Louis XIV et l'apogée de l'absolutisme (1643-1715) · L’ANCIEN RÉGIME
La volonté de contrôle social qui caractérisait la monarchie absolue de Louis XIV ne s’exerça pas seulement sur la noblesse ou sur les protestants : elle visa aussi, avec une sévérité croissante, les populations les plus démunies et les plus mobiles du royaume — mendiants, vagabonds, et tout particulièrement les communautés bohémiennes, alors désignées sous ce terme qui recouvrait les populations tsiganes. Cette politique, qui trouva son expression la plus dure dans l’ordonnance du 11 juillet 1682, illustre un aspect moins connu, et particulièrement sombre, de l’absolutisme louis-quatorzien.
Le dispositif répressif contre la pauvreté et le vagabondage précéda en réalité le règne personnel de Louis XIV. Le 27 avril 1656, des lettres patentes créèrent à Paris l’Hôpital général, regroupant plusieurs établissements — la Salpêtrière, Bicêtre, la Pitié — dont la mission affichée était de « prévenir la mendicité et l’oisiveté comme sources de tous les désordres ». Il ne s’agissait nullement d’un établissement médical, mais d’un instrument d’enfermement destiné à résoudre par la contrainte le problème des mendiants et des « cours des miracles » parisiennes, dans ce que l’historiographie a nommé le « grand renfermement des pauvres ». Un édit de 1662 généralisa cette pratique à l’ensemble du royaume, et Louis XIV devait l’étendre en 1693 à toutes les villes de France, tandis qu’un premier décret de 1666 visait déjà spécifiquement les Bohémiens de sexe masculin, condamnés à être arrêtés et envoyés aux galères sans procès.

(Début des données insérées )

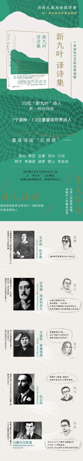 《新九葉·譯詩集》翻譯了13位殿堂級世界詩人的詩作,這些詩作涉及英語、法語、葡語、瑞典語等7個語種。詩集中收錄的外國詩人均為近200年來各國享譽詩壇的代表人物,包括葡語象征主義詩人佩索阿、庇山耶,美國詩人艾米莉·狄金森、阿什貝利,法語詩人桑德拉爾、瓦雷里、阿波利奈爾、馬克斯·雅科布,丹麥當代女詩人琵雅·塔夫德魯普,集哲學家、劇作家、外交家于一身的羅馬尼亞詩人布拉加,芬蘭瑞典語國民女詩人索德格朗,秘魯最重要的詩人巴列霍,俄國詩歌未來主義創立者馬雅可夫斯基等,旨在致敬世界詩壇,讓讀者感受世界詩歌的魅力的同時,也能夠激發漢語詩歌的創作。
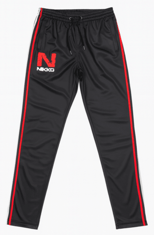 Dit trainingspak van het merk NIKKO is gemaakt van ademend en comfortabel materiaal dat je koel en droog houdt tijdens je workouts. Het pak heeft een klassieke zwarte kleur met rode accenten, wat zorgt voor een stijlvolle en sportieve uitstraling.
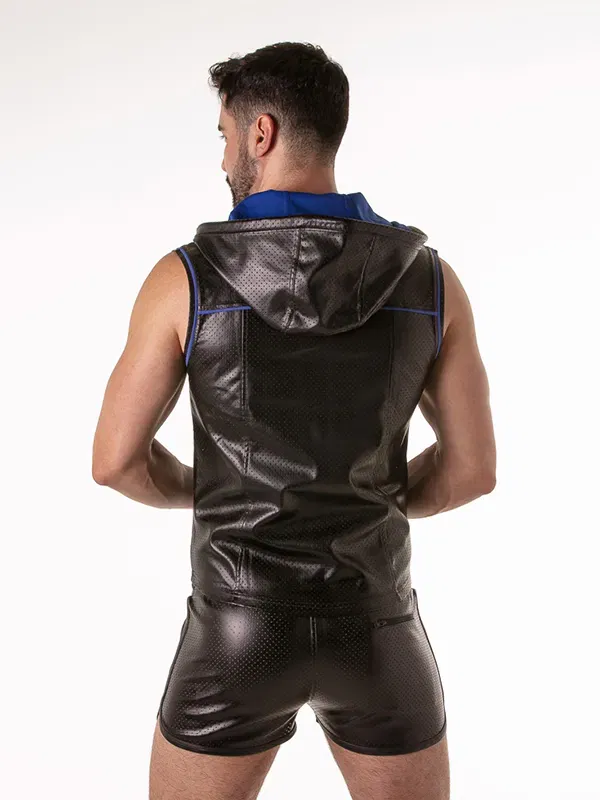 Chaleco Locker Gear Rub It Hoodie negro azul: brillo fetish con capucha

Cette politique connut son durcissement le plus radical avec la déclaration royale du 11 juillet 1682, prise « contre les Bohèmes et ceux qui leur donnent retraite », dont l’objectif affiché était de « purger le royaume » de « cette engeance malfaisante ». Le texte imposait des peines d’une sévérité extrême, différenciées selon l’âge et le sexe : tous les hommes bohémiens, dans toutes les provinces du royaume, devaient être condamnés aux galères à perpétuité — peine équivalant, compte tenu de la mortalité extrême sur les galères royales, à une condamnation à mort différée ; les femmes devaient être tondues publiquement et bannies, sous peine de flagellation si elles persistaient à « mener la vie de bohémiennes » ; les enfants devaient être arrachés à leurs familles et enfermés dans des hospices pour y être élevés dans la religion chrétienne, rupture délibérée avec leur culture d’origine. Les nobles qui leur accordaient protection ou emploi s’exposaient de leur côté à la confiscation de leurs domaines — disposition qui isolait juridiquement les communautés bohémiennes de tout soutien possible au sein de la société d’ordres.

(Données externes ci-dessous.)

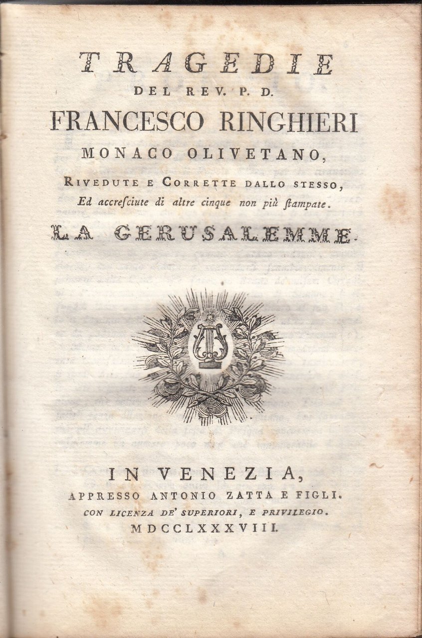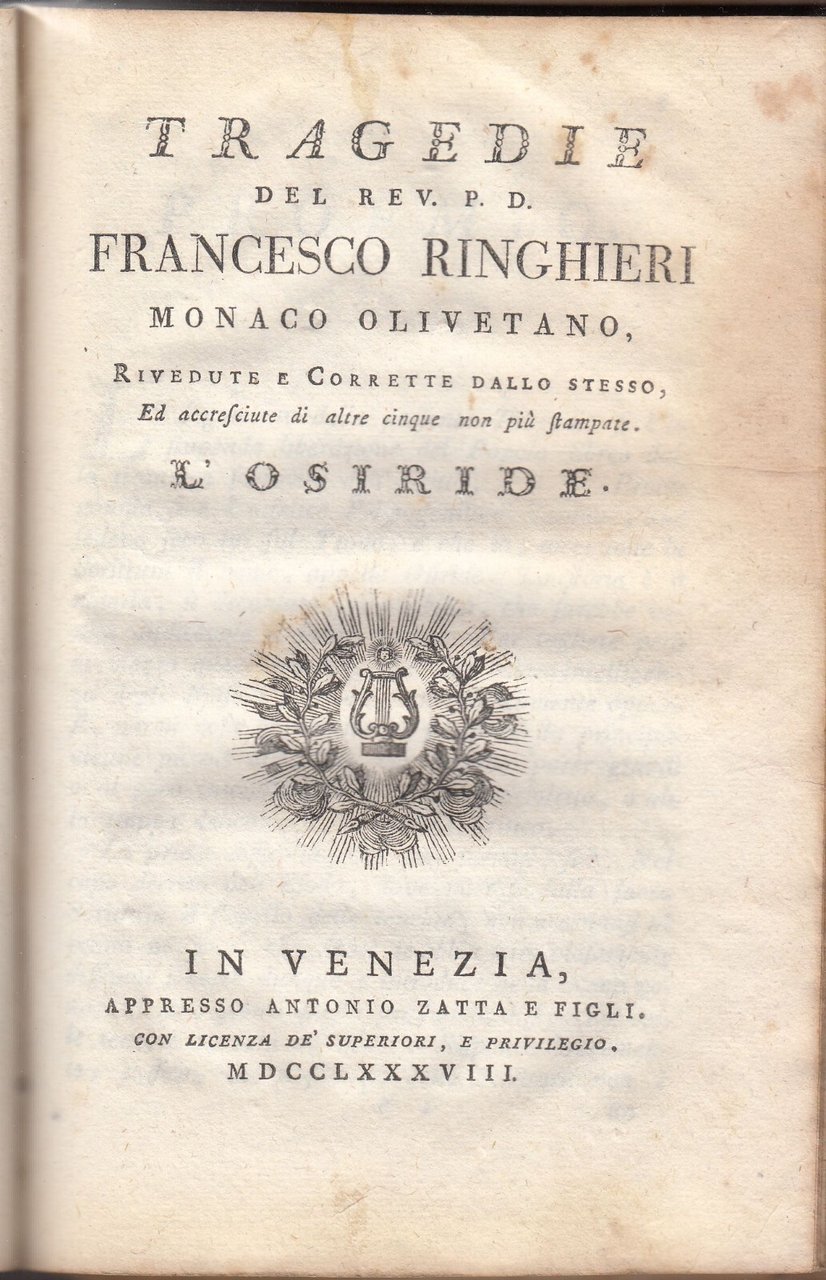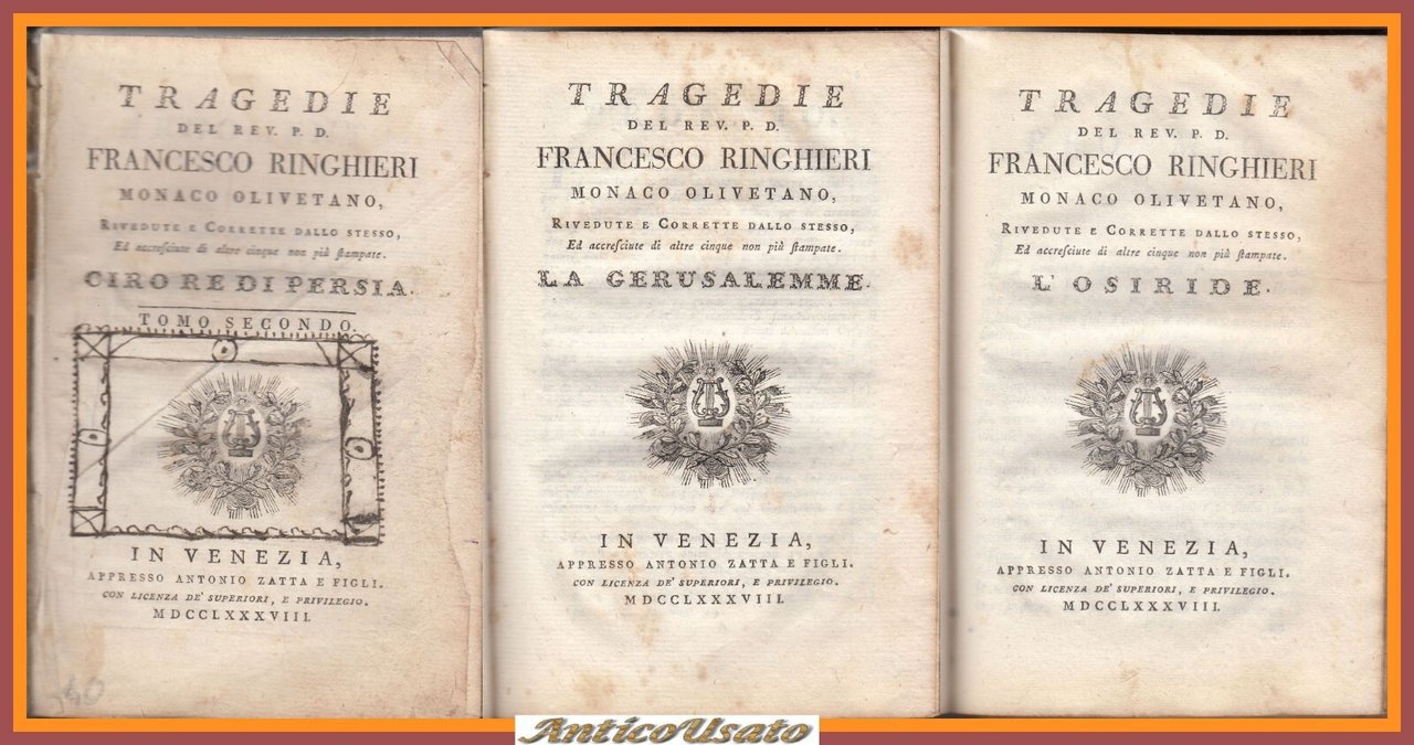TRAGEDIE del reverendo Francesco Ringhieri tomo II Zatta 1788 libro antico

L’application de cette ordonnance se heurta cependant, dans la pratique, aux limites structurelles de l’administration du royaume : l’étendue du territoire, l’inégal zèle des officiers locaux, et une certaine complicité de populations rurales peu disposées à dénoncer des voisins ou des visiteurs de passage en limitèrent sensiblement la portée réelle. Les communautés bohémiennes développèrent des stratégies de survie fondées sur la mobilité et la clandestinité, échappant partiellement à une répression dont l’intensité se relâcha progressivement à partir des années 1690, à mesure que les guerres du règne détournaient l’attention et les ressources de l’administration royale vers d’autres priorités. Cette politique n’en demeura pas moins, sur le plan des principes, l’expression la plus achevée d’un absolutisme qui prétendait régenter jusqu’aux marges les plus mobiles de la société française, en assimilant de force ou en éliminant purement et simplement toute population échappant à son contrôle.